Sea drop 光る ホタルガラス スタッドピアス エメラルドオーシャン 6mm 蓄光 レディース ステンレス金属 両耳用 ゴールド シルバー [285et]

---

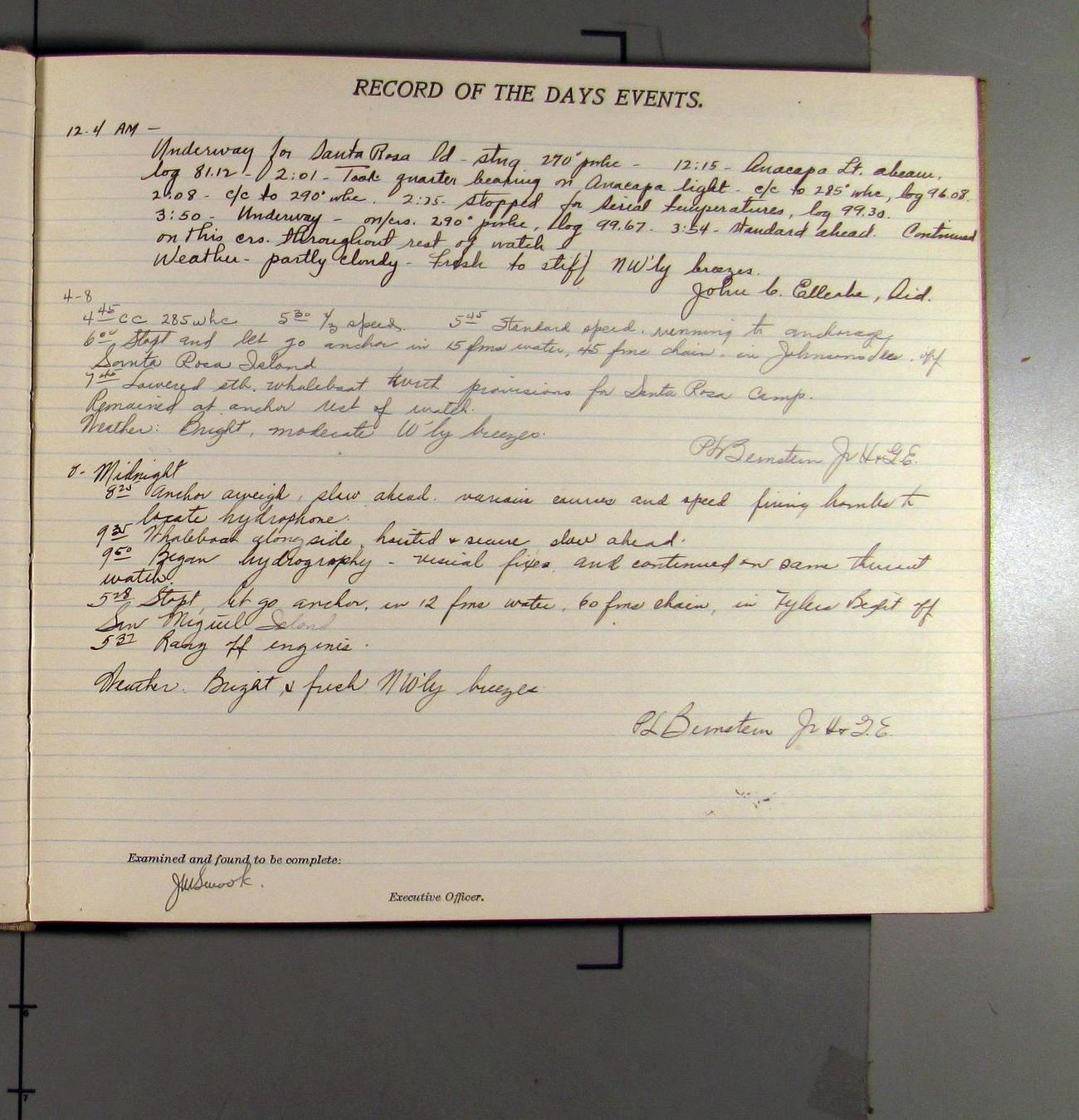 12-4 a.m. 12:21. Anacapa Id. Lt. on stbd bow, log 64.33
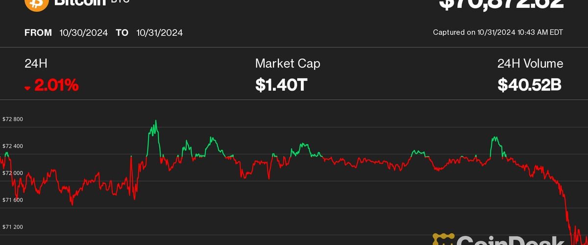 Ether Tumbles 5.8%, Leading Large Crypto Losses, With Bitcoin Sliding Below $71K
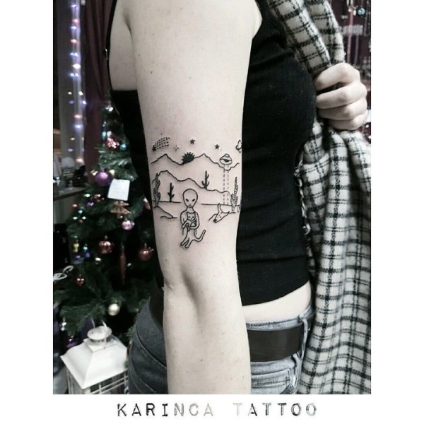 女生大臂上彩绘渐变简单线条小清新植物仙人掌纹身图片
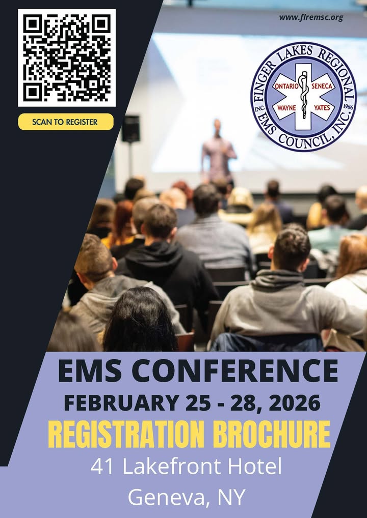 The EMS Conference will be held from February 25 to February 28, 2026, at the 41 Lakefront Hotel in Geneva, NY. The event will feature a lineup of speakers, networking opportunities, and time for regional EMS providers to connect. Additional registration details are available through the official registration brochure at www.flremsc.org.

--

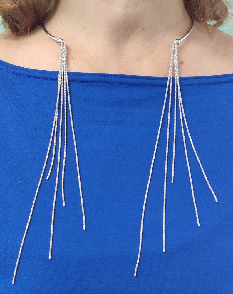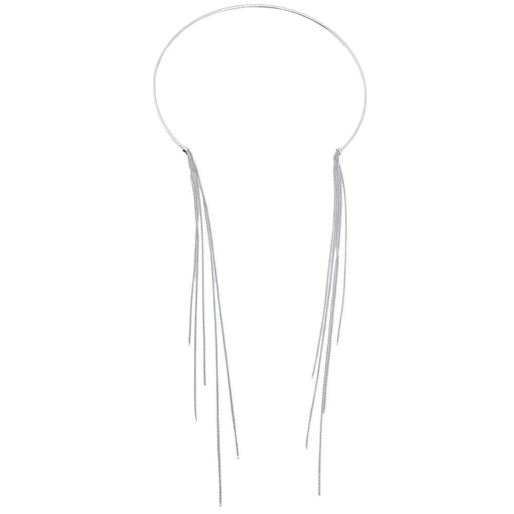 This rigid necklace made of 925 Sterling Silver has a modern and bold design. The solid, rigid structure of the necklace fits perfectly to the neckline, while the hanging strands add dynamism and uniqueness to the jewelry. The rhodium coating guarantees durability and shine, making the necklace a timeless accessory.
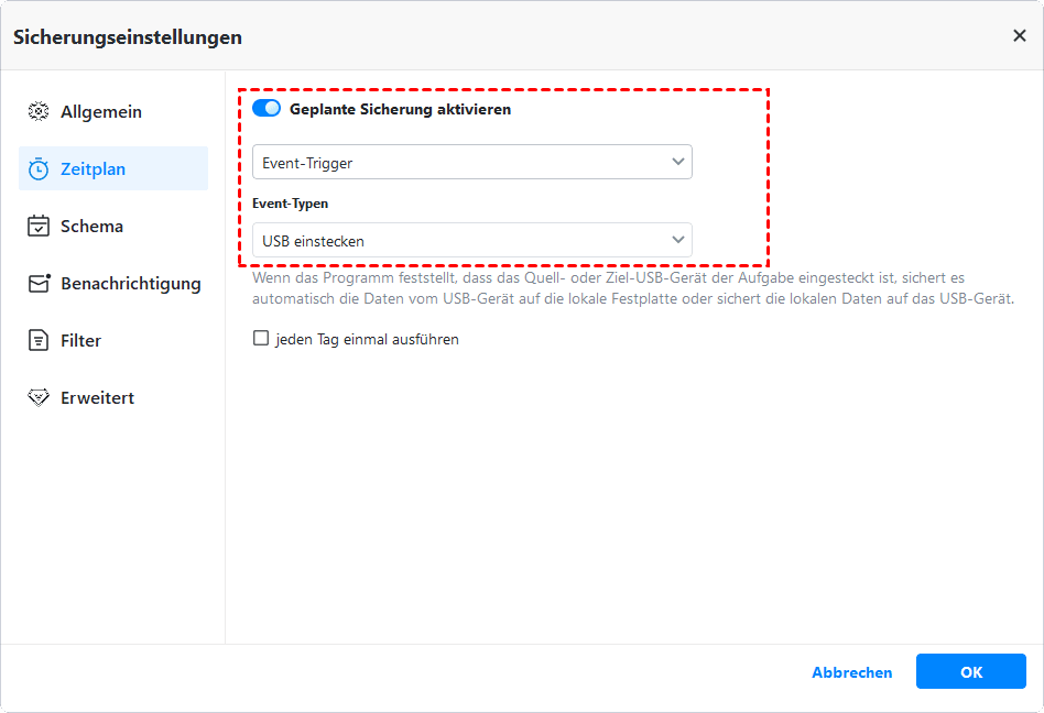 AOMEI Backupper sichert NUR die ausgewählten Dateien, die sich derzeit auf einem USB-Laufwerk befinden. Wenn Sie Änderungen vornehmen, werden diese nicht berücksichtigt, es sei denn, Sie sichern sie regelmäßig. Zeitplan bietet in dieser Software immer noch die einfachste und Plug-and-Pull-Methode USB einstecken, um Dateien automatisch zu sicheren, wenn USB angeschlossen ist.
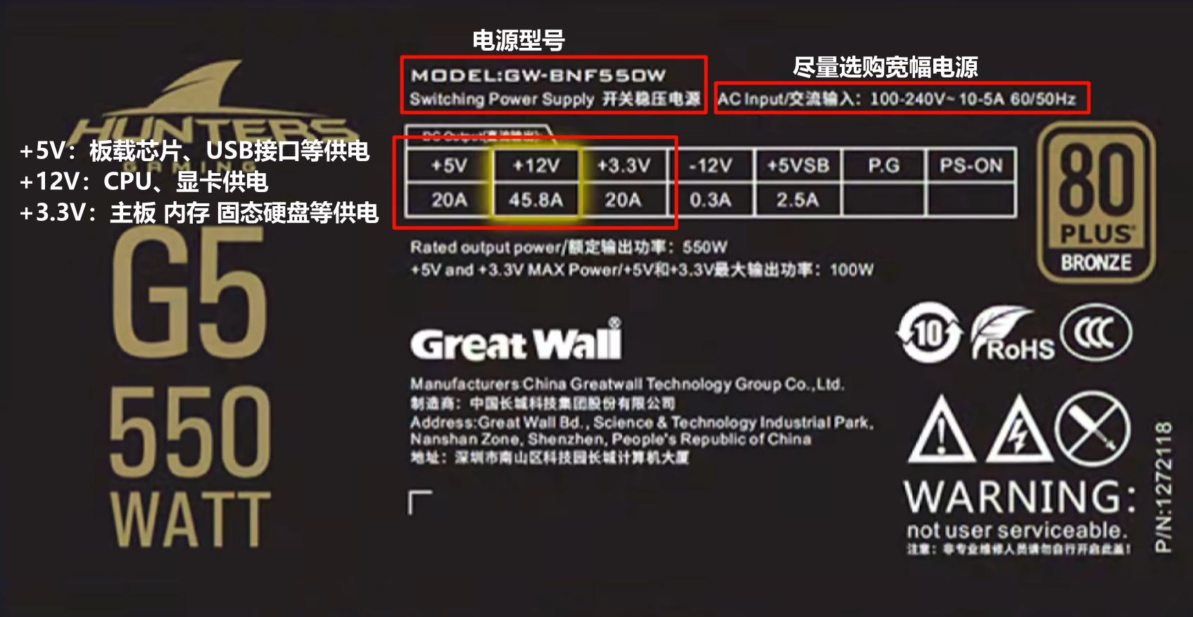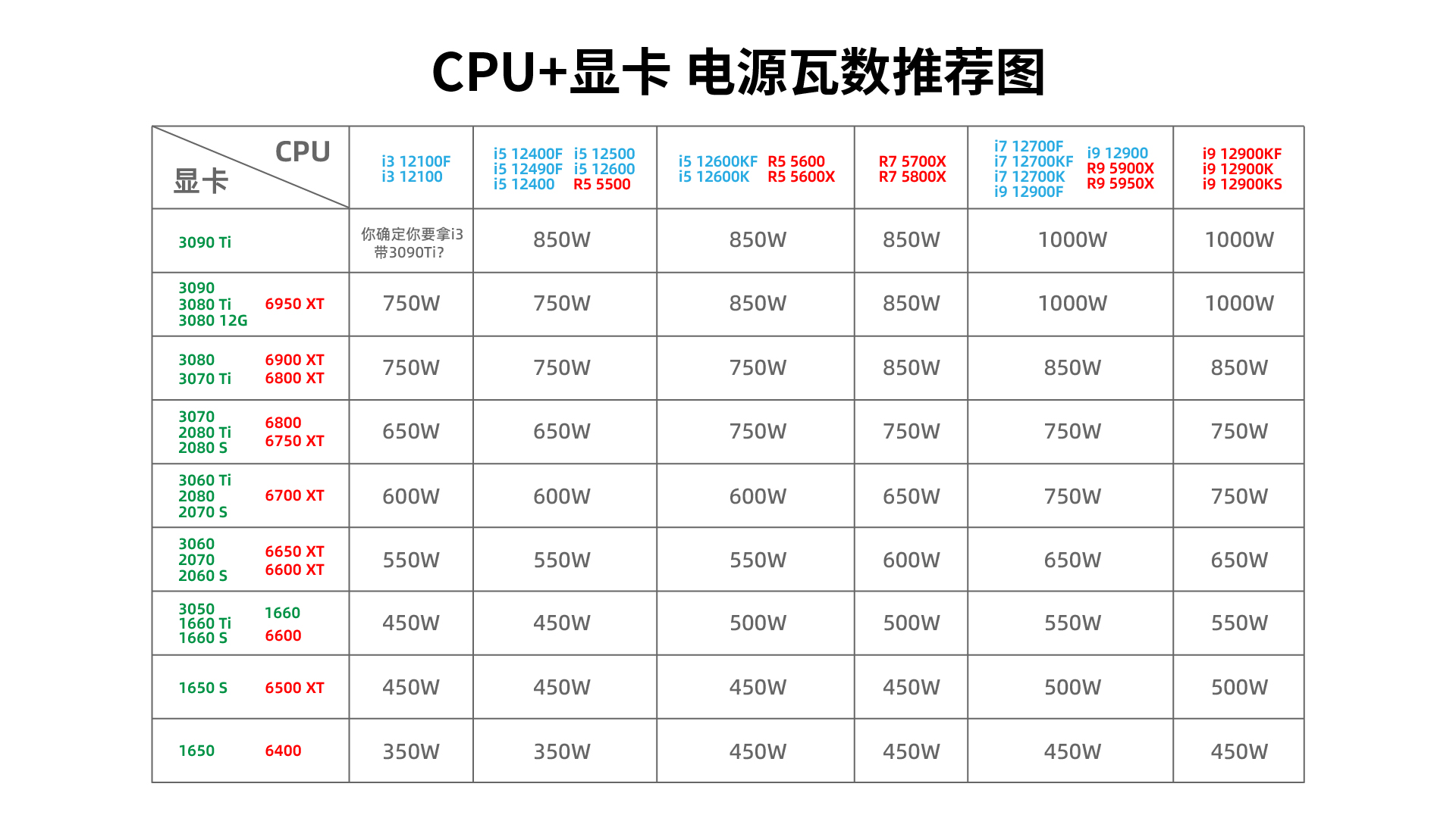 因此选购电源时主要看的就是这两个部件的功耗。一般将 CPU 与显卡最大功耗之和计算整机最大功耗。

What you have to do
Starting at the line with "AOMEI Backupper sichert" in the entries above, write out every line exactly until the line with "因此选购电源时主要看的就是这两个部件的功耗。一般将 CPU 与显卡最大功耗之和计算整机最大功耗。" has been written. Include no pictures and nothing more.

Result of the task
 AOMEI Backupper sichert NUR die ausgewählten Dateien, die sich derzeit auf einem USB-Laufwerk befinden. Wenn Sie Änderungen vornehmen, werden diese nicht berücksichtigt, es sei denn, Sie sichern sie regelmäßig. Zeitplan bietet in dieser Software immer noch die einfachste und Plug-and-Pull-Methode USB einstecken, um Dateien automatisch zu sicheren, wenn USB angeschlossen ist.
 因此选购电源时主要看的就是这两个部件的功耗。一般将 CPU 与显卡最大功耗之和计算整机最大功耗。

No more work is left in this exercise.